IEEE Trans Biomed Circuits Syst. 2021 Apr;15(2):259-269. doi: 10.1109/TBCAS.2021.3064841. Epub 2021 May 25.
Due to the movement expressiveness and privacy assurance of human skeleton data, 3D skeleton-based action inference is becoming popular in healthcare applications. These scenarios call for more advanced performance in application-specific algorithms and efficient hardware support. Warnings on health emergencies sensitive to response speed require low latency output and action early detection capabilities. Medical monitoring that works in an always-on edge platform needs the system processor to have extreme energy efficiency. Therefore, in this paper, we propose the MC-LSTM, a functional and versatile 3D skeleton-based action detection system, for the above demands. Our system achieves state-of-the-art accuracy on trimmed and untrimmed cases of general-purpose and medical-specific datasets with early-detection features. Further, the MC-LSTM accelerator supports parallel inference on up to 64 input channels. The implementation on Xilinx ZCU104 reaches a throughput of 18 658 Frames-Per-Second (FPS) and an inference latency of 3.5 ms with the batch size of 64. Accordingly, the power consumption is 3.6 W for the whole FPGA+ARM system, which is 37.8x and 10.4x more energy-efficient than the high-end Titan X GPU and i7-9700 CPU, respectively. Meanwhile, our accelerator also keeps a 4 ∼ 5x energy efficiency advantage against the low-power high-performance Firefly-RK3399 board carrying an ARM Cortex-A72+A53 CPU. We further synthesize an 8-bit quantized version on the same hardware, providing a 48.8% increase in energy efficiency under the same throughput.

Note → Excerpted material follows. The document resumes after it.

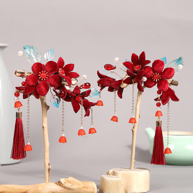 子供の髪飾りの赤いベルベットのヘアピンの王女のドレスの髪飾りの新年の春の祝日の時計の演出の花の子供の漢服の髪飾り

由于人类骨骼数据的运动表现力和隐私保障性,基于 3D 骨骼的动作推断在医疗保健应用中变得越来越流行。这些场景需要在特定于应用的算法和高效的硬件支持方面取得更先进的性能。对响应速度敏感的健康紧急情况的警告需要低延迟输出和早期动作检测能力。在始终开启的边缘平台上运行的医疗监测需要系统处理器具有极高的能效。因此,在本文中,我们提出了 MC-LSTM,这是一种功能强大且通用的基于 3D 骨骼的动作检测系统,用于满足上述需求。我们的系统在通用和医疗特定数据集的修剪和未修剪情况下实现了最先进的准确性,并具有早期检测功能。此外,MC-LSTM 加速器支持多达 64 个输入通道的并行推断。在 Xilinx ZCU104 上的实现达到了 18,658 帧每秒(FPS)的吞吐量和 3.5 毫秒的推断延迟,批量大小为 64。因此,整个 FPGA+ARM 系统的功耗为 3.6W,与高端 Titan X GPU 和 i7-9700 CPU 相比,分别节能 37.8 倍和 10.4 倍。同时,我们的加速器在搭载 ARM Cortex-A72+A53 CPU 的低功耗高性能 Firefly-RK3399 板上也保持了 4 到 5 倍的能效优势。我们还在相同的硬件上综合了一个 8 位量化版本,在相同的吞吐量下提供了 48.8%的能效提升。